*Aim of the exercise*
Reproduce the lines below exactly, from the one containing "T-shirt femme noir" through the one containing "A well constructed", both included. Leave out any pictures.
── Recorded information ──
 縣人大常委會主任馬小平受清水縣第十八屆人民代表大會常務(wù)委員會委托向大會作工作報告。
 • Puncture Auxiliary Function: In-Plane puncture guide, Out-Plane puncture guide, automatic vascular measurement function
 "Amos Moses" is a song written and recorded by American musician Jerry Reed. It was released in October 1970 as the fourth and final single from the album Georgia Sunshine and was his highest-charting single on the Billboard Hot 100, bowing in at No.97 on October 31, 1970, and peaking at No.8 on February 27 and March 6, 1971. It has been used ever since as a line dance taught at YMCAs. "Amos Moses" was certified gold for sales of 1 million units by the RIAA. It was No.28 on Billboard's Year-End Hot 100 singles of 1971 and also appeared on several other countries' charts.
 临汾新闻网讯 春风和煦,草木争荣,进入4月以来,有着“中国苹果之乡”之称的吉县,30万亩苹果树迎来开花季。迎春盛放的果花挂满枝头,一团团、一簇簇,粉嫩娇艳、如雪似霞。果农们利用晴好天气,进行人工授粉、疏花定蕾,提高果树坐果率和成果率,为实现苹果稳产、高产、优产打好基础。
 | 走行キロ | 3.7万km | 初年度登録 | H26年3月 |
───
── Recorded information ──
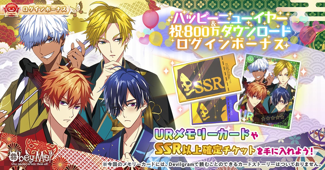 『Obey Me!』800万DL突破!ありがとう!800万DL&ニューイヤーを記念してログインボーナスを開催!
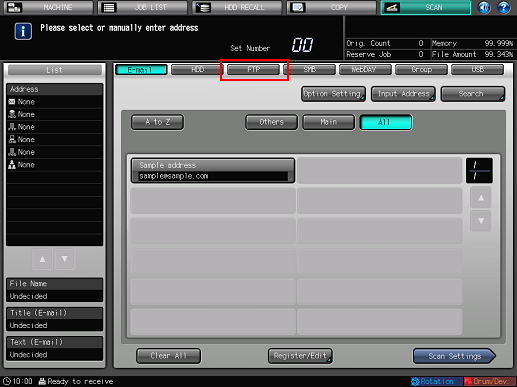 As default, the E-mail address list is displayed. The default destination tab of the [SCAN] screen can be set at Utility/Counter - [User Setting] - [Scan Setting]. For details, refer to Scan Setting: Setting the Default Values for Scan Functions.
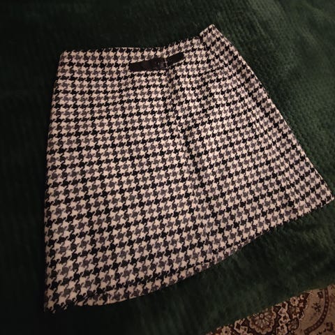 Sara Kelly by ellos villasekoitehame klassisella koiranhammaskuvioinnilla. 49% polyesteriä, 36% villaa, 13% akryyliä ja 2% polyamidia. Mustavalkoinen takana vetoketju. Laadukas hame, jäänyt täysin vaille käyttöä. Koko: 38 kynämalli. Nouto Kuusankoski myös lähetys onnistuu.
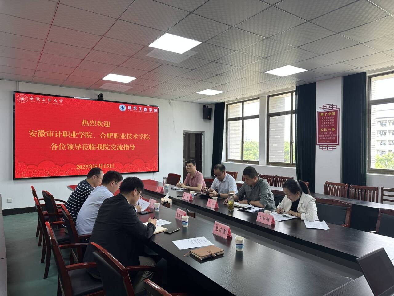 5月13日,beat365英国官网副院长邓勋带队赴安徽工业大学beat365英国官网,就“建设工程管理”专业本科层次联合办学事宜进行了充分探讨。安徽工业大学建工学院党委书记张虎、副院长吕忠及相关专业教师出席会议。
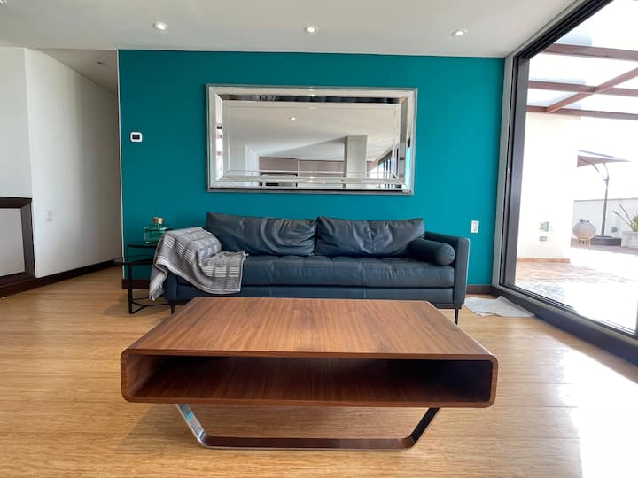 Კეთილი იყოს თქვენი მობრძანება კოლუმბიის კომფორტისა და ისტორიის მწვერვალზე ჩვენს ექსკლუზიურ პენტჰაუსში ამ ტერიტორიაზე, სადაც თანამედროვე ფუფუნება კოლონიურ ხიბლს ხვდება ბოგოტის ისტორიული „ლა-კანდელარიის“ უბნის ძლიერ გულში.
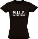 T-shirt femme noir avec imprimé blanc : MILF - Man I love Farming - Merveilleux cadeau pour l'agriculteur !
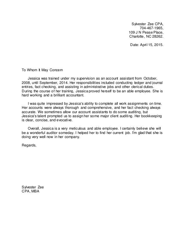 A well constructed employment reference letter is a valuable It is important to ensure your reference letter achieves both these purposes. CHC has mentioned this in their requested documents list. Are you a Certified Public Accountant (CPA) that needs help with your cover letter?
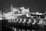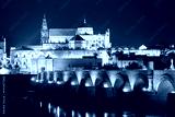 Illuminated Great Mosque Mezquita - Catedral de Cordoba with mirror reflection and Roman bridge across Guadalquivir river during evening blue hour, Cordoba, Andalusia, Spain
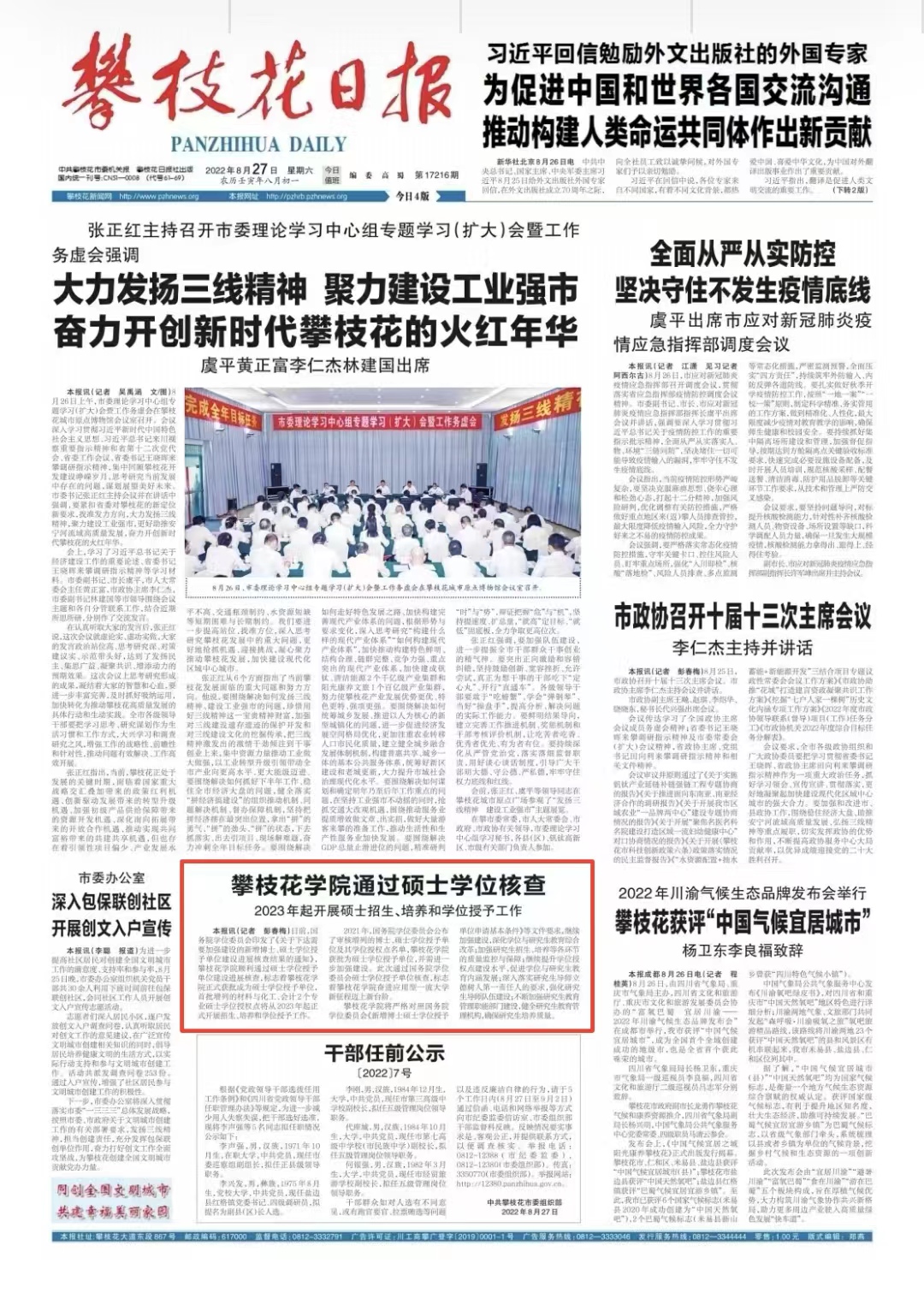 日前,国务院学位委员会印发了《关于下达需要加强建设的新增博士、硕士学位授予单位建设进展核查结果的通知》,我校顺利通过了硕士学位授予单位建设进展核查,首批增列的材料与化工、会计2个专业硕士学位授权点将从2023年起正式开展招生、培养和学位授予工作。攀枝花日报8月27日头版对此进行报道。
───
*Exercise answer*
 T-shirt femme noir avec imprimé blanc : MILF - Man I love Farming - Merveilleux cadeau pour l'agriculteur !
 A well constructed employment reference letter is a valuable It is important to ensure your reference letter achieves both these purposes. CHC has mentioned this in their requested documents list. Are you a Certified Public Accountant (CPA) that needs help with your cover letter?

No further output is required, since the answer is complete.